12. The method of claim 11, wherein generating the second contingency table comprises solving a linear program using data based on the first contingency table.

13. The method of claim 12, wherein the data based on the first contingency table comprises a set of noisy marginals.

14. The method of claim 11, wherein generating the second contingency table comprises converting data based on the first contingency table to a Fourier domain and computing the second contingency table in the Fourier domain.

15. The method of claim 11, wherein generating the second contingency table comprises converting a plurality of marginals of the first contingency table to a plurality of Fourier coefficients in a Fourier domain and applying a linear program to the Fourier coefficients.

16. The method of claim 11, wherein the second contingency table is non-negative.

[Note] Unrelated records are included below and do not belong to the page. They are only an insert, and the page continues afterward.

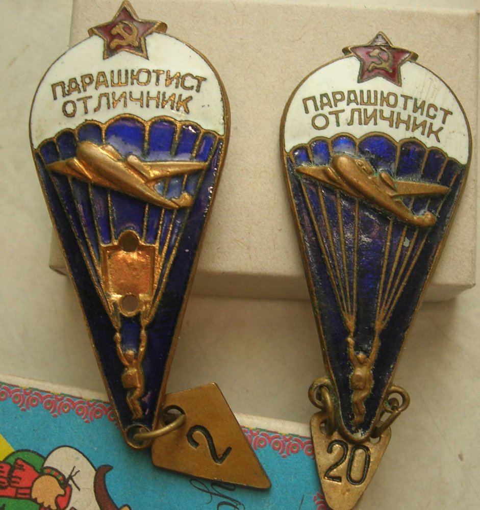 1 знак - после 1966 года. 2 знак до 1966 года / ушастик/. Самый интересный / были и с накладными самолетами /. 3 знак после 1966 года / тошнотик/, до 1966 дырки не было/ цифры могли быть накладные, белый металл. Для более точного определения нужно видеть реверс второго знака. http://falerist.org/znaki/znachok-parashyutista-sssr-kak-otklik-na-reformu-vdv.html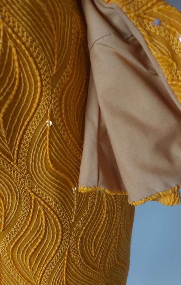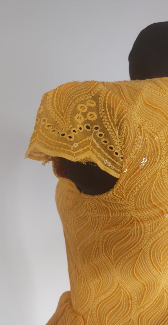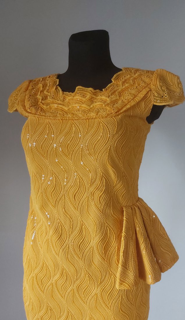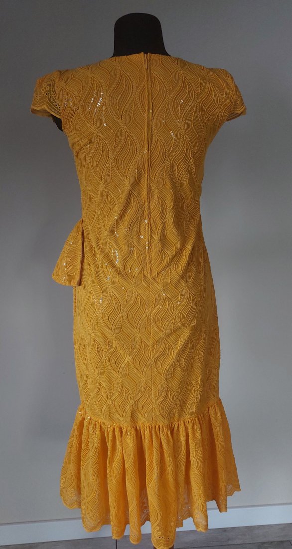 Sukienka uszyta na miarę w bardzo dobrym stanie, sugerowany rozmiar S. Wewnątrz, po bokach pozostawiono zapas materiału.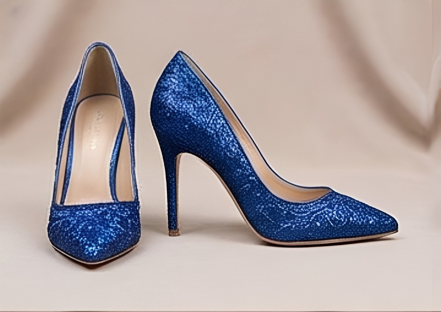 Crafted Leather Classic Women Blue Glitter High Fashion Shiny Sparkling Modern Style Dress Shoes
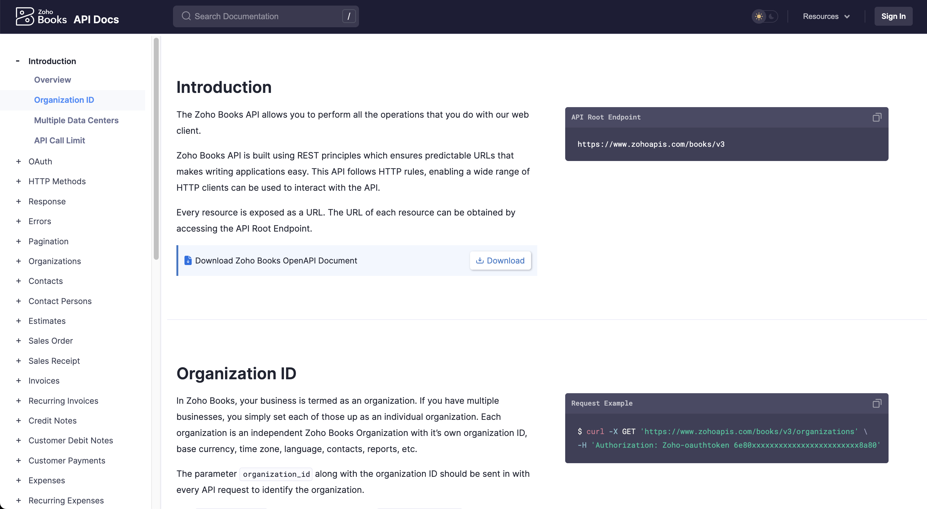 Every API request requires two things: an OAuth 2.0 access token and an organization_id parameter. Zoho Books supports multiple organizations under a single account, and the API enforces strict separation between them. You'll need to retrieve the organization ID first (via GET /organizations) before calling any other endpoint.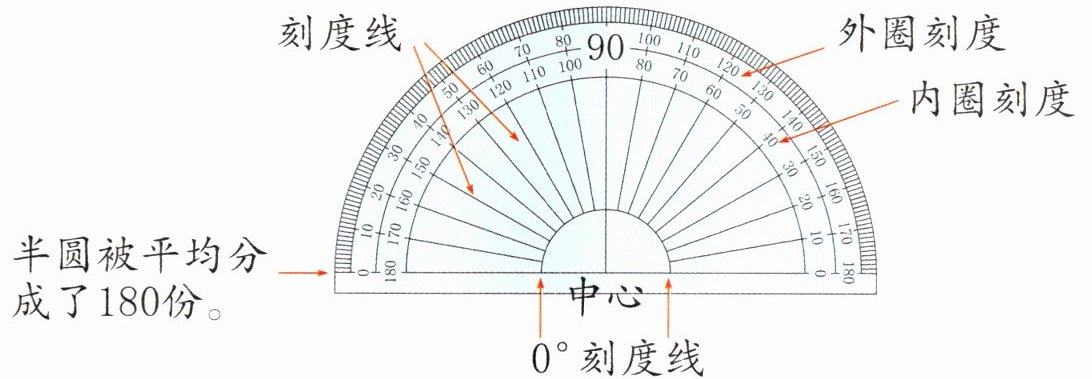 (1) 量角器上有中心、刻度线(包括内圈刻度和外圈刻度)、$0^{\circ}$刻度线等。把半圆分成$180$等份,每一份所对的角是$1$度的角,“度”是角的计量单位,用符号“$^{\circ}$”表示。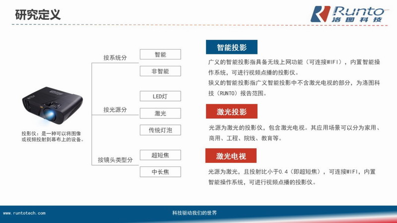 投影產品從系統方面可以分為智能和非智能兩大類;從光源可以分為激光、LED、傳統燈泡等;從技術可以分為LCD、DLP、LCOS等;從應用場景可以分為家用、商用、工程、院線、教育等。本文中的激光投影范圍包括了激光電視,且和“智能投影“品類存在重疊,重疊部分為采用激光光源,智能系統的中長焦投影儀。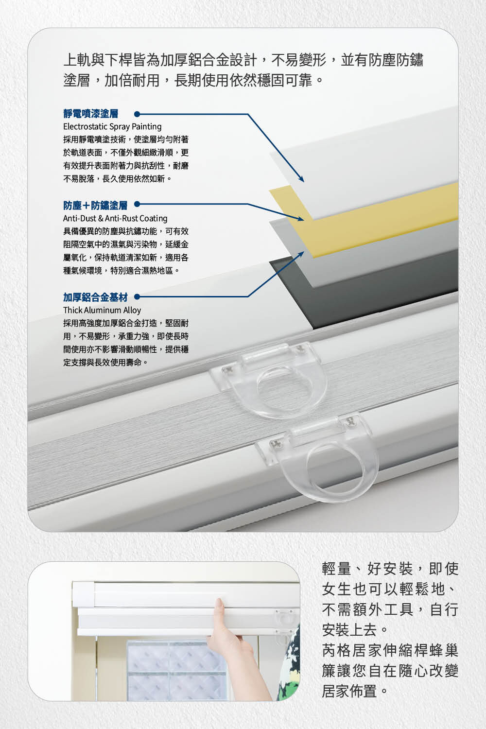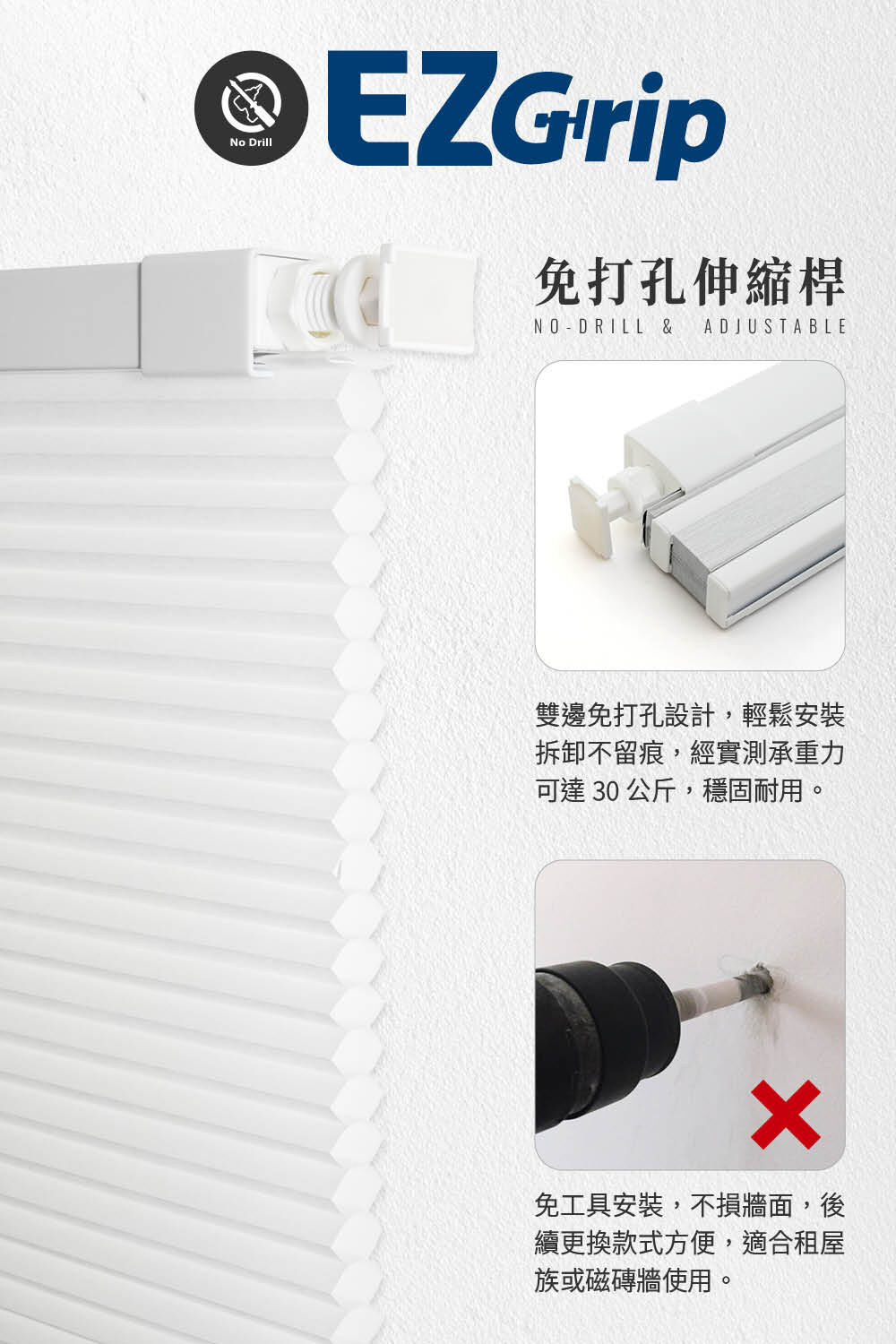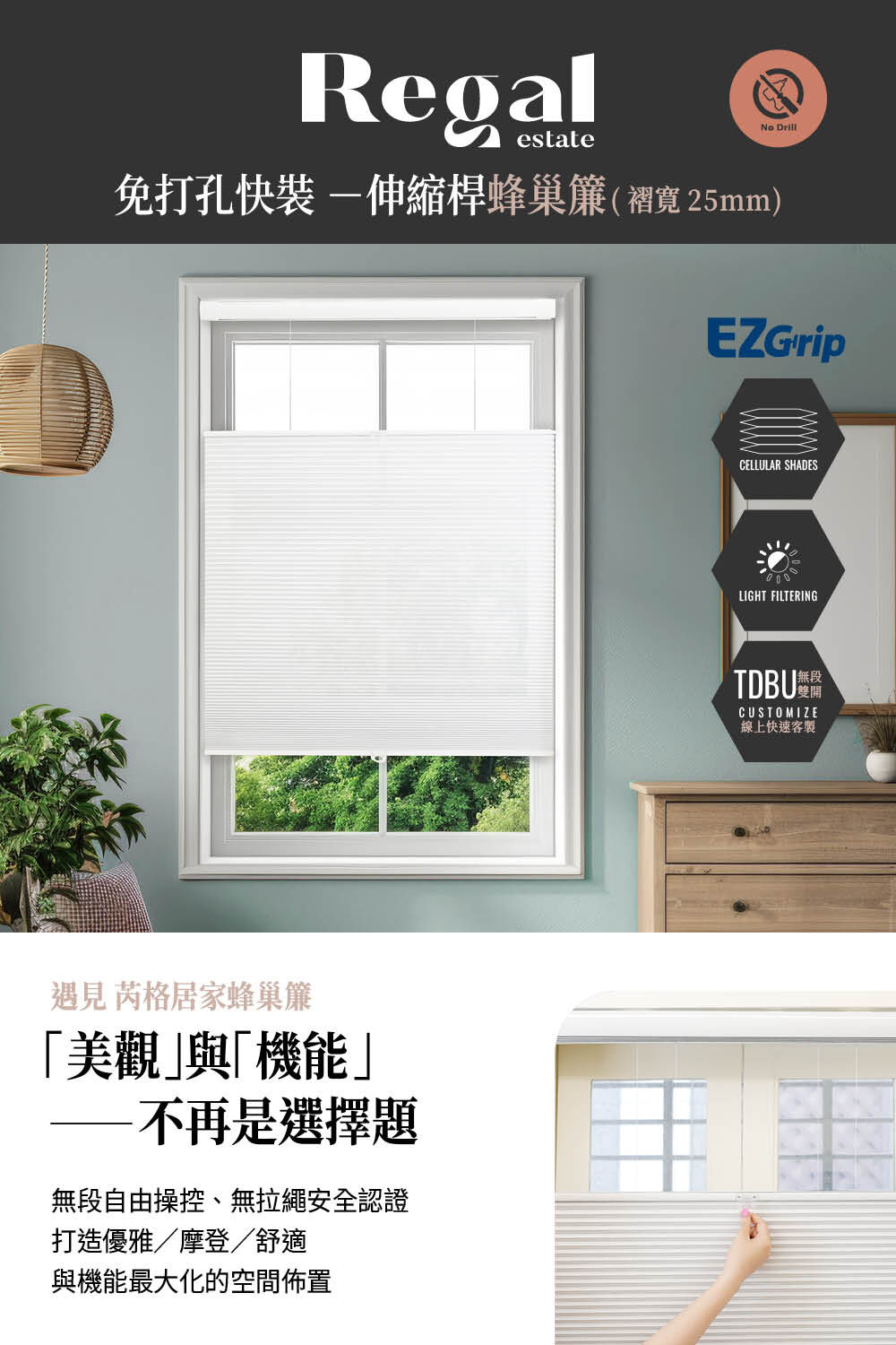伸縮桿無段雙開蜂巢簾-格寬25mm/透光/灰色【REGAL芮格居家】

17. A contingency table release system, comprising:

a user interface module that receives a query; and

a query analyzer and processor that generates a first contingency table responsive to the query, generates a second contingency table responsive to the first contingency table, and generates data based on the second contingency table, the data having the properties of privacy, accuracy, and consistency.

18. The system of claim 17, wherein the query analyzer and processor solves a linear program to generate the second contingency table.

19. The system of claim 17, wherein the query analyzer and processor performs a computation on data based on the first contingency table in a Fourier domain.

20. The system of claim 19, wherein the query analyzer and processor uses Laplace noise in the computation on the data based on the first contingency table in the Fourier domain.